- [Supplied information]:
━━━━━━━━━━━━━━━━━━━━

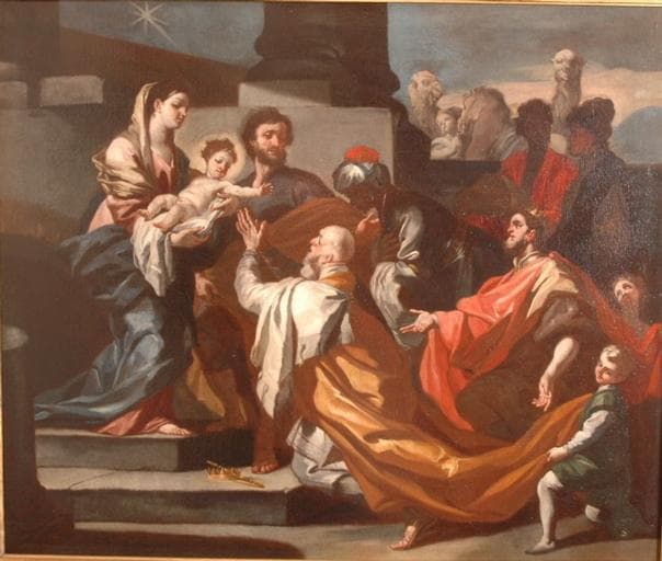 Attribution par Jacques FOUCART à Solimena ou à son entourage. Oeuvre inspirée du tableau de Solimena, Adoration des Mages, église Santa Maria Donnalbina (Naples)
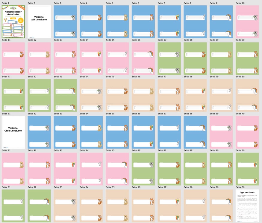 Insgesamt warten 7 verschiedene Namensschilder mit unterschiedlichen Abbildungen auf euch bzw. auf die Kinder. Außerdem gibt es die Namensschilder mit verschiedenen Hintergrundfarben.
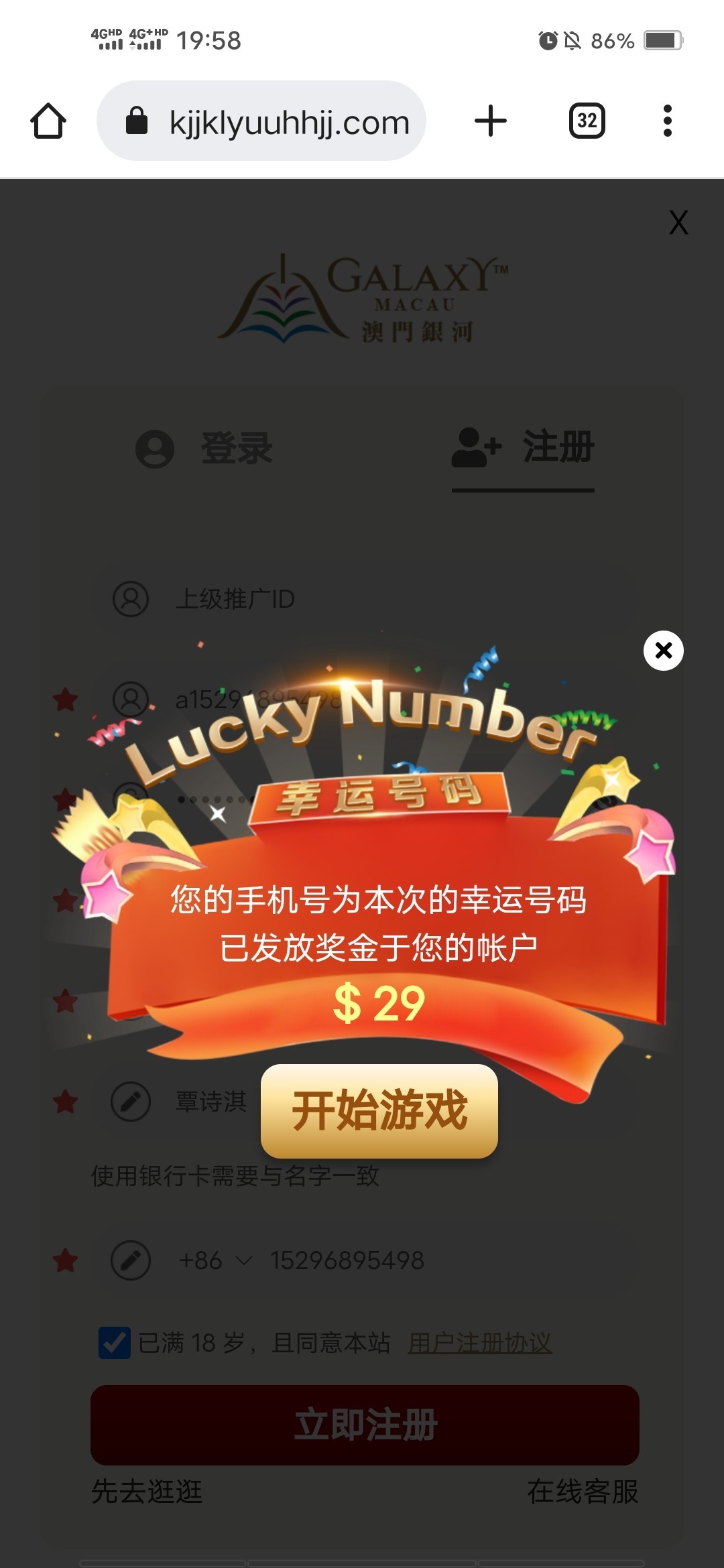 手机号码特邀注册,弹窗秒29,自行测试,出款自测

━━━━━━━━━━━━━━━━━━━━

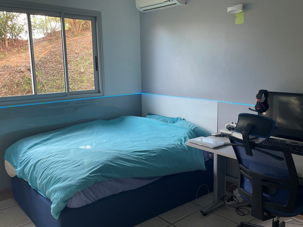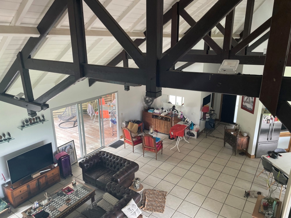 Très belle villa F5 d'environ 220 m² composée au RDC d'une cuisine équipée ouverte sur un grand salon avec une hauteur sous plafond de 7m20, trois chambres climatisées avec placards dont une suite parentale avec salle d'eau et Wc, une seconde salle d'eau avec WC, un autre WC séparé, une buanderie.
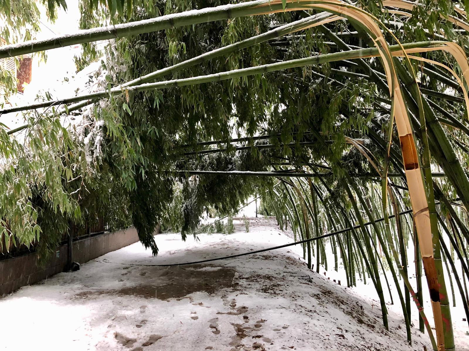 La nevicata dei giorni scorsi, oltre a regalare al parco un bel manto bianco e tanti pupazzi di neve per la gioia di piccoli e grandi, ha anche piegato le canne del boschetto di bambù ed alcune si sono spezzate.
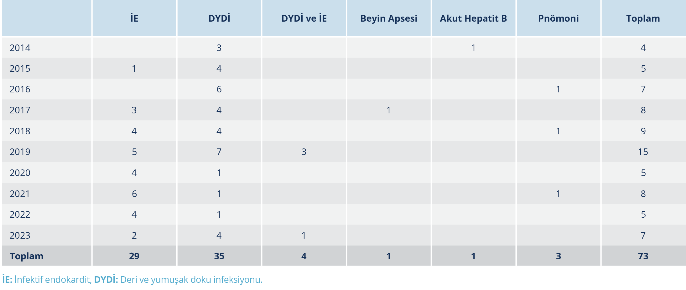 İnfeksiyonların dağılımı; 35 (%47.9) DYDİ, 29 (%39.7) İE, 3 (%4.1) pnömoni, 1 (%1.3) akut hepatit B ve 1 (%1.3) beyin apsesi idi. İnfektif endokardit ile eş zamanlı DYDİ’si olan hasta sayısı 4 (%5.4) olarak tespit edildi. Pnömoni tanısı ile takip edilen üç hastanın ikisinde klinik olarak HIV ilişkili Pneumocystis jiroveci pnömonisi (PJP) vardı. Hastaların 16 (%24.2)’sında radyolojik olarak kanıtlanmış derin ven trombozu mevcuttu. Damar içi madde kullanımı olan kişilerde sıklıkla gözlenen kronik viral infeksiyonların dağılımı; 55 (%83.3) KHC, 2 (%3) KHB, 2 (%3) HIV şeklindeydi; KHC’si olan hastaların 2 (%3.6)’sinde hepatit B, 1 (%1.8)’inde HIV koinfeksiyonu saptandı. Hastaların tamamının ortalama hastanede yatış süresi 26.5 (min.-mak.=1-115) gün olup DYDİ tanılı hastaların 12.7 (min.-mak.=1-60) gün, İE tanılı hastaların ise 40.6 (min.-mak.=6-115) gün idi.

━━━━━━━━━━━━━━━━━━━━

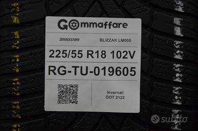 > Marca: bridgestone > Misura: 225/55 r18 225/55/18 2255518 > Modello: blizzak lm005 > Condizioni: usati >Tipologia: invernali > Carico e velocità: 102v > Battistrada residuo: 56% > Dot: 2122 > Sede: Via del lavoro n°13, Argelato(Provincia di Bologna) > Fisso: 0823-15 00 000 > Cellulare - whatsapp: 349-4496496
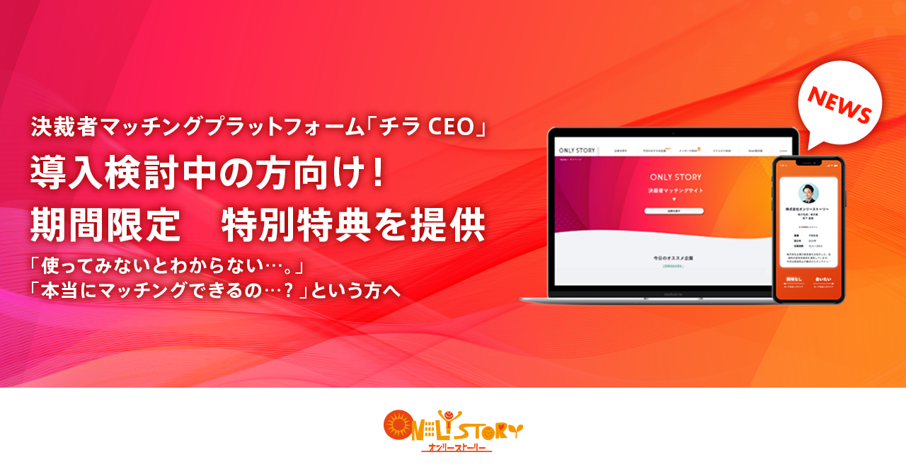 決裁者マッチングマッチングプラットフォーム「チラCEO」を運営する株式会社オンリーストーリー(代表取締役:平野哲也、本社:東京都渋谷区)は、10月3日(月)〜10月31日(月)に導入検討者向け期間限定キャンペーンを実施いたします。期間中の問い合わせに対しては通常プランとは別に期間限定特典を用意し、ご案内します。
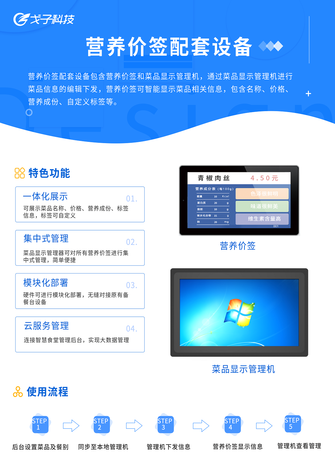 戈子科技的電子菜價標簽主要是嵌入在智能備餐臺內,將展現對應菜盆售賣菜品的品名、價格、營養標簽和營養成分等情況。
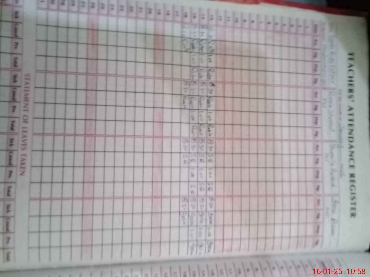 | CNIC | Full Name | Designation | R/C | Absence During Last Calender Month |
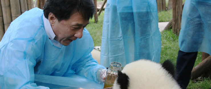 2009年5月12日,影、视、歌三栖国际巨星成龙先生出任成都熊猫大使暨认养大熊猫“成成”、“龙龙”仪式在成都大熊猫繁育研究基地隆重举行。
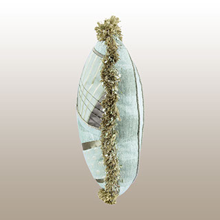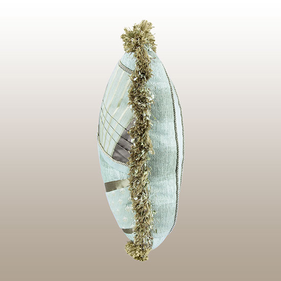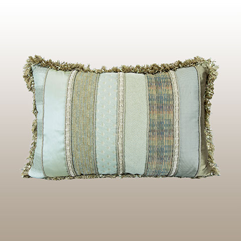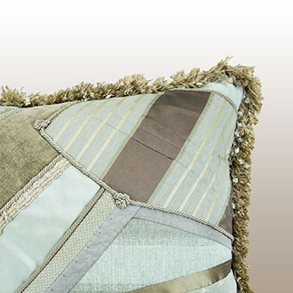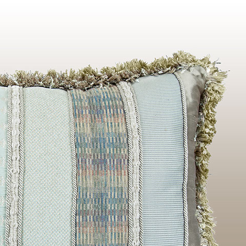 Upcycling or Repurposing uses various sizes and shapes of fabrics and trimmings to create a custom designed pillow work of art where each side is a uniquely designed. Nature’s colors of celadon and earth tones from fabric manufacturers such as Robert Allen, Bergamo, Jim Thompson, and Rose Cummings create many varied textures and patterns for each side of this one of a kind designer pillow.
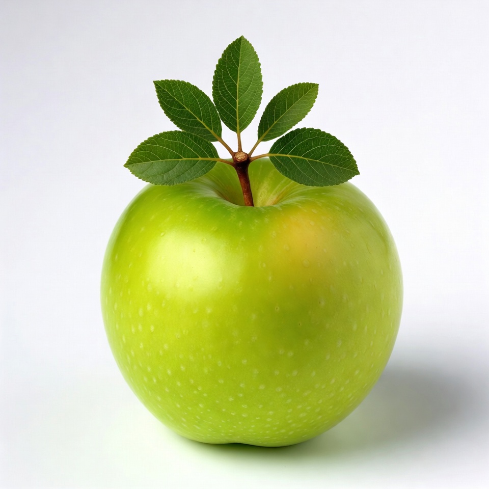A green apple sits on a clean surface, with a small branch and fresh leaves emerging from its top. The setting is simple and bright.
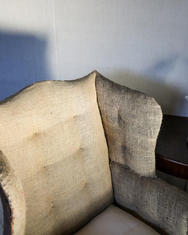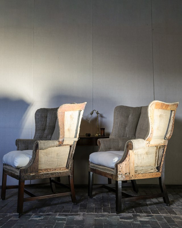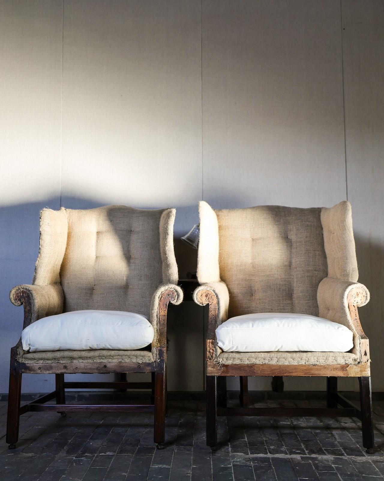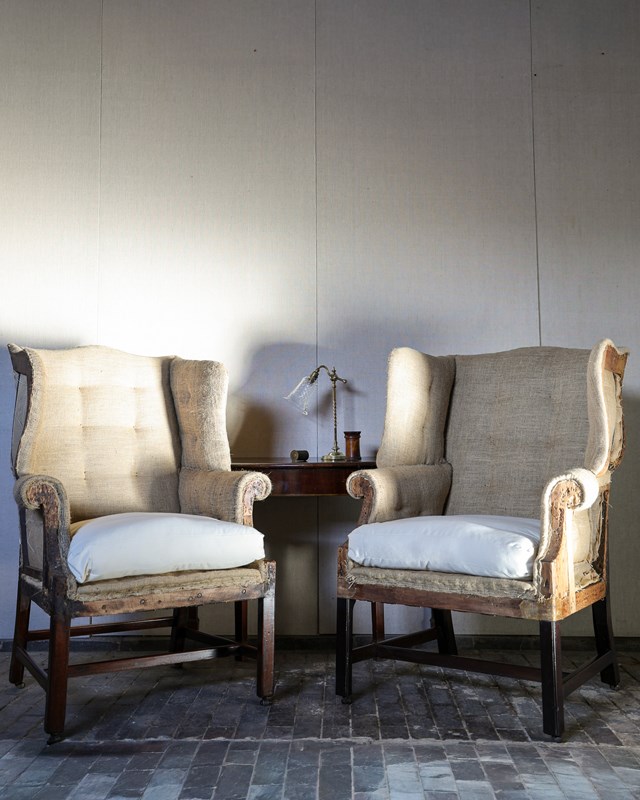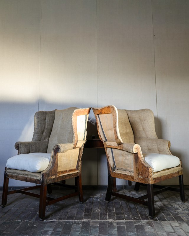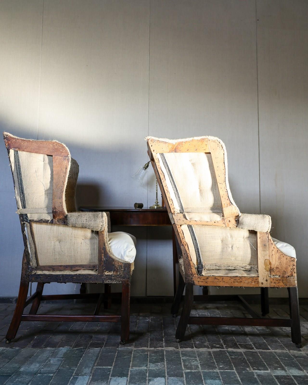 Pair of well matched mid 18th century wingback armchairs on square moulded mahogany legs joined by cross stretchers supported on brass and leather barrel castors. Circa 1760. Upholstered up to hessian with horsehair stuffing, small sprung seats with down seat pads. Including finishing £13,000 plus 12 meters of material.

━━━━━━━━━━━━━━━━━━━━

- [What you will do]:
Only the lines above from the one with "A green apple" to the one with "Pair of well" should be printed, both included and exactly as written; no picture belongs in the copy.

- [Answer section]:
A green apple sits on a clean surface, with a small branch and fresh leaves emerging from its top. The setting is simple and bright.
 Pair of well matched mid 18th century wingback armchairs on square moulded mahogany legs joined by cross stretchers supported on brass and leather barrel castors. Circa 1760. Upholstered up to hessian with horsehair stuffing, small sprung seats with down seat pads. Including finishing £13,000 plus 12 meters of material.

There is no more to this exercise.